Que en el contexto actual de la violencia contra las mujeres en Centroamérica, nuevos tipos de violencia instrumentalizada a favor de grupos criminales organizados conviven con la forma más conocida y extendida: la violencia en las diferentes etapas y modalidades del ámbito de la pareja.
Que en los escenarios bélicos no convencionales que configuran la actualidad en Centroamérica se oculta y minimiza la violencia feminicida tras el panorama generalizado de la violencia.
Que la economía criminal convierte a miles de mujeres, todos los años, en la mercancía de las redes de trata y del mercado de la prostitución, también en cobradoras de los impuestos de guerra establecidos por establecidos las pandillas, en transportistas de droga, en úteros productores de niños y niñas destinados a las adopciones (la mayoría de ellas ilegales) y a la trata, en un mercado que, favorecido por la posición geoestratégica de Centroamérica, en especial del triángulo norte y por el desorden neoliberal, recrudece todas las formas de violencia contra las mujeres.
Que los feminicidios son el resultado final de un continuo de violencia donde “los hombres matan a las mujeres porque pueden.” (Rashida Manjoo, 2010) Y que esa impunidad de los delitos por razones de género fomenta y reproduce comportamientos misóginos que suponen graves obstáculos para la consolidación de la democracia y de la gobernabilidad en Centroamérica.
Que la seguridad de las mujeres y de las niñas no ha sido priorizada en las agendas políticas de la región centroamericana. Las mujeres, de todas las edades, continúan siendo un blanco estratégico de los ataques de los diferentes grupos armados, ante la debilidad de los Estados, que son responsables -por acción y por omisión- de la violencia ejercida contra sus cuerpos.
Que la situación que viven las mujeres de Centroamérica es de inseguridad y riesgo permanentes, por el solo hecho de ser mujeres.
Que los feminicidios son un crimen de Estado.
ANTE ESTA REALIDAD SE HACE NECESARIO REFORZAR:
Los pronunciamientos y recomendaciones de la ONU, a través de diferentes y reiterados llamados, en los cuales se ha manifestado a favor de establecer políticas de Estado, en los diferentes países de Centroamérica, para tipificar el asesinato de mujeres y niñas como un delito particularmente grave y condenable.

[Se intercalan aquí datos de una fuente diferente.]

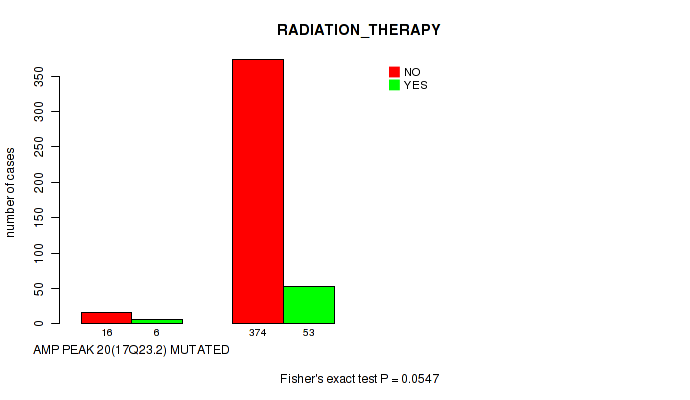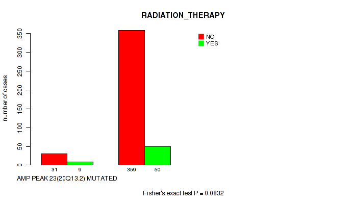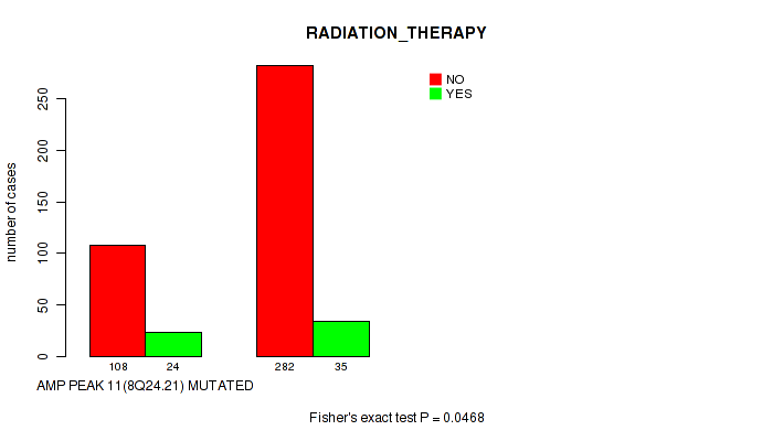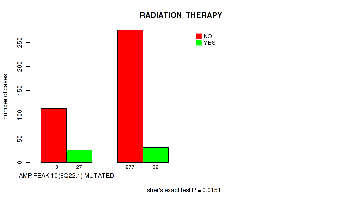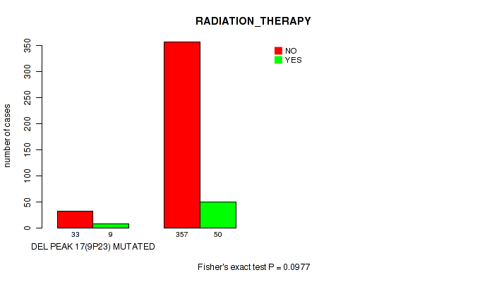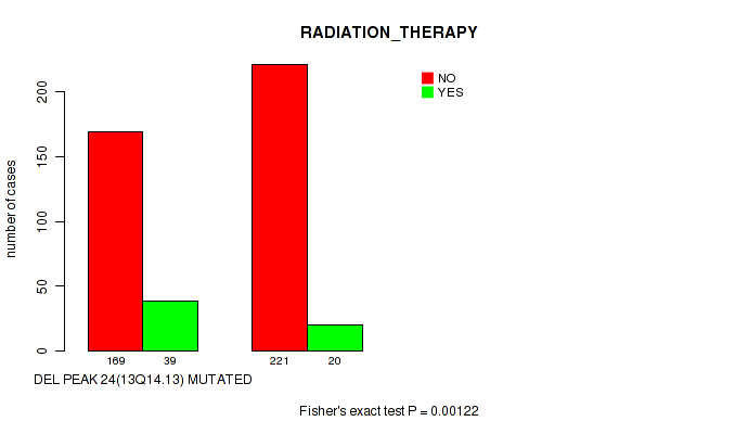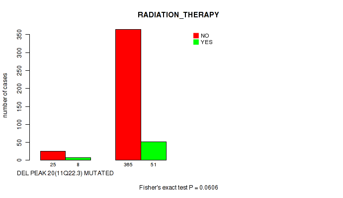 Figure S332. Get High-res Image Gene #62: 'del_21q22.2' versus Clinical Feature #5: 'RADIATION_THERAPY'

Así como de la necesidad de crear unidades especializadas en la investigación y enjuiciamiento de los feminicidios y otras formas de violencia, como las violaciones sexuales y el acoso sexual, la trata y el tráfico de mujeres, que prevalecen en la zona.
El cumplimiento de los compromisos adquiridos por los Estados centroamericanos a través de la Declaración Universal de Derechos Humanos, de la Convención sobre la Eliminación de todas las Formas de Discriminación contra la Mujer de 1979 (CEDAW) y su Protocolo Facultativo de 1999 (que no ha sido ratificado por todos los países de la región), y de la Convención Interamericana para Prevenir, Sancionar y Erradicar la Violencia contra la Mujer (Convención de Belem do Pará) de 1994, así como las Resoluciones 1325 y 1820 del Consejo de Seguridad de Naciones Unidas, entre otros.
TENIENDO EN CUENTA ALGUNAS SITUACIONES ESPECÍFICAS DE GRAN RELEVANCIA:
Según datos del Parlamento Centroamericano (PARLACEN): “Sólo en esos tres países (Honduras, El Salvador y Guatemala) fueron asesinadas el pasado año más de 1.530 mujeres y la nación con más casos fue Guatemala, con 685 muertes violentas”.
En el Salvador, 580 mujeres fueron asesinadas durante el año 2010: el 31% fueron víctimas menores de 25 años. La mayoría de estas muertes fueron antecedidas de agresiones sexuales, consumadas con arma de fuego; muchas fueron cometidas con extrema crueldad. Algunos cuerpos fueron cercenados y abandonados en la vía pública. Las principales preocupaciones y mayores problemáticas que aquejan a las mujeres en El Salvador son: los feminicidios y el irrespeto a los derechos sexuales y reproductivos, incluida la penalización absoluta del aborto, situación que se empeoró con la no ratificación por parte de la Asamblea Legislativa de este país del Protocolo Facultativo de la CEDAW.
En Honduras: una mujer ha sido asesinada cada día durante los dos primeros meses de 2011. Los feminicidios incrementaron 160% a raíz del Golpe de Estado. El 80% de las víctimas fueron ultimadas con armas de fuego y los femicidios ocurrieron como resultado de crímenes múltiples cometidos sobre los cuerpos de las mujeres. Según las estadísticas de las Unidades de Delitos contra la Vida de las Mujeres, de 944 casos de muertes violentas de mujeres, entre 2008 y 2010, sólo se han obtenido 61 sentencias (6.4%). Honduras tampoco ha ratificado el Protocolo Facultativo de la CEDAW.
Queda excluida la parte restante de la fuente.